Donald Trump gave an hour-long news conference Thursday in which he recommitted to debating Vice-President Kamala Harris and taunted her while also repeating old falsehoods and lashing out at questions about the enthusiasm her campaign is receiving.
As Mr. Trump addressed reporters at his Palm Beach, Fla., estate, ABC announced that Mr. Trump and Ms. Harris, the Democratic nominee, have agreed to a Sept. 10 presidential debate, setting up a widely anticipated faceoff in an already unparalleled presidential election. Mr. Trump said he had proposed three presidential debates with three television networks in September.
Mr. Trump again insisted there had been a “peaceful transfer of power” in 2021 and renewed attacks on Republican rivals such as Georgia Governor Brian Kemp, whom Mr. Trump has harshly criticized since Mr. Kemp refused to go along with his false theories of election fraud. In taking more than a dozen questions from reporters, however, Mr. Trump tried to draw a contrast with Ms. Harris, who has not held a news conference since she became the likely Democratic nominee following President Joe Biden’s withdrawal from the race.
Mr. Trump’s decision to go on ABC, days after posting on his social media account that he would not appear on the network, sets up a highly anticipated moment in an election where Mr. Biden’s catastrophic performance in the last debate set in motion his withdrawal.

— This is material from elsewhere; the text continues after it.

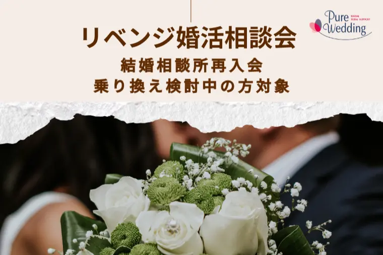 婚活を一度経験したからこそ、「🤔このままでいいのだろうか?」「💡別の相談所なら結果が変わるのでは?」そんな想いを抱えていませんか。ピュアウェディングではこのたび、💍結婚相談所の乗り換え・再入会をご検討中の方向け相談会を開催いたします。😥思うようなご縁に出会えなかった🤷♀️担当カウンセラーとの相性に不安があった🌀活動の進め方が分からず、途中で疲れてしまった📉自分に合う婚活スタイルが分からないまま退会してしまった婚活がうまくいかなかった理由は、あなたの魅力が足りなかったからではありません。実は、✨方法・環境・サポートの選び方✨によって、婚活の結果は大きく変わります。🌱リベンジ婚活だからこそ、最初の「見直し」が重要です今回の相談会では、これまでの婚活状況を丁寧にヒアリングしながら、📝なぜ成果につながらなかったのか🎯今のあなたに合う婚活方法は何か🛤再スタートで大切にすべきポイントは何かを一緒に整理し、無理のない・現実的な成婚プランをご提案いたします。IBJ結婚相談所連盟のネットワークを活かした出会いの仕組みや、🔎乗り換え・再入会時に知っておきたいポイントも、分かりやすくご説明します。🗓開催日:2026年2月21日(土)・22日(日)⏰時間:11:00〜20:00(完全予約制/個別相談・約60分)📍開催方法:東京(渋谷)大阪(梅田)💻オンライン(Zoom)※全国・海外から参加可能💰参加費:無料※🚫無理な勧誘は一切ありません。情報収集・比較検討段階の方も、安心してご参加ください。🔄結婚相談所の乗り換えを検討している🔁一度婚活をやめたが、もう一度挑戦したい💖今度こそ「成婚」を目指したい🗣自分に合う婚活方法をプロに相談したい🌈婚活は「やり直し」ではなく「再設計」婚活経験があるからこそ、次はもっと効率的に・自分らしく進めることができます✨この相談会が、💫あなたにとって前向きな再スタートのきっかけ💫となれば幸いです。👉相談会の詳細・ご予約はこちら https://purewedding.net/news/blog -3/50代60代のベテランコーディネーターがサポートします。■パワーカップル婚(共働き・共家事・共育児)希望の方■金融、商社、外資、IT、コンサル、経営者などのお仕事の方■国公立、MARCHご卒業の方■海外駐在員男女、外国人との結婚希望の方、海外生活可能な男女、★トライアル入会制度あり、コーディネーターとの相性、サポート力をご確認ください。★全国海外対応、オールオンライン対応で、来店なしでスタート可能★ご両親からの婚活相談対応可能です。★365日朝7時から22時までLINE対応、30分クイックレスポンスの寄り添いサポートが人気です。※初回面談はオンラインを推奨しております。30分簡単相談、60分のしっかり相談、21時スタートまで対応、お仕事の合間、お仕事後の時間も対応可能です。※関西の転居転勤後は大阪店、海外への転居後はグループ店舗「海外婚活PureGlobalMatching」でのサポートが可能です。

“I think it’s very important to have debates,” Mr. Trump said Thursday. “I look forward to the debates because I think we have to set the record straight.”
The Harris campaign had no immediate comment.
Thursday’s event was Mr. Trump’s first public appearance since Ms. Harris selected Minnesota Governor Tim Walz as her running mate. Mr. Trump called Mr. Walz a “radical left man.”
“Between her and him, there’s never been anything like this,” Mr. Trump said. “There’s certainly never been anybody so liberal like these two.”
He repeatedly suggested Ms. Harris was not intelligent enough to debate him. Ms. Harris, for her part, has tried to goad Mr. Trump into debating and told an audience in Atlanta recently that if he had anything to say about her, he should “say it to my face.”
Mr. Trump grew visibly perturbed when pressed on Ms. Harris’s crowds and new-found Democratic enthusiasm, dismissing a question about his lighter campaign schedule as stupid.
Mr. Trump says he has not “recalibrated” his campaign despite facing a new opponent, a dynamic some Republican strategists have quietly complained about.
When asked what assets Ms. Harris possessed, Mr. Trump said: “She’s a woman. She represents certain groups of people.”
Mr. Trump has repeatedly – and falsely – accused Ms. Harris, the daughter of Jamaican and Indian immigrants, of previously downplaying that she is Black.
Mr. Trump takes questions about abortion
Mr. Trump suggested abortion will not be a major issue in the campaign and the outcome in November.
He insisted that the matter “has become much less of an issue” since the Supreme Court ended the federal constitutional right to abortion services and returned control of the matter to state governments. But the issue is widely seen as a general election liability, and Mr. Trump named states such as Ohio and Kansas that have since voted to protect abortion rights.
Mr. Trump also said he expected Florida “will go in a little more liberal way than people thought” when it votes to repeal an abortion ban later this year, but he did not respond to questions asking how he would vote.
Mr. Trump argued that Democrats, Republicans and “everybody” are pleased with the results of the 2022 ruling that overturned the 1973 Roe v. Wade decision.
Mr. Trump’s actions within the GOP, however, suggest he knows that Democrats already have capitalized on Republican opposition to abortion rights and could do so again this fall. Mr. Trump single-handedly ensured that the Republican Party platform adopted at the 2024 convention in Milwaukee does not call for a national ban on abortion, and he has said repeatedly that hard-liners in the party could cost the GOP in November.
The court’s decision, issued months ahead of the 2022 midterm elections, is widely cited as a reason Democrats fared much better than expected in House and Senate contests. And Democrats have hammered Mr. Trump in paid advertisements blaming him and the justices he appointed for ending Roe.
Mr. Trump again makes false claims on Jan. 6
Mr. Trump falsely claimed during the press conference that “nobody was killed on Jan. 6,” the date in 2021 when pro-Trump rioters breached the U.S. Capitol amid Congress’s effort to certify Mr. Biden’s 2020 election victory.
Ashli Babbitt, a 35-year-old Air Force veteran from San Diego, was shot and killed by a police officer as she climbed through a broken part of a Capitol door during the violent riot that breached the building.
To be sure, Mr. Trump has often cited Ms. Babbitt’s death while lamenting the treatment of those who first attended a rally outside the White House that day, then marched to the Capitol, many of whom fought with police and entered the building.
“I think those people were treated very badly. When you compare it to other things that took place in this country where a lot of people were killed,” Mr. Trump said Thursday, adding “nobody was killed on Jan. 6.”
He also falsely claimed he drew more people to his speech at a “Stop the Steal” speech before the riot than the famous March on Washington in 1963, the iconic event at which Dr. Martin Luther King Jr. gave his “I Have a Dream” speech.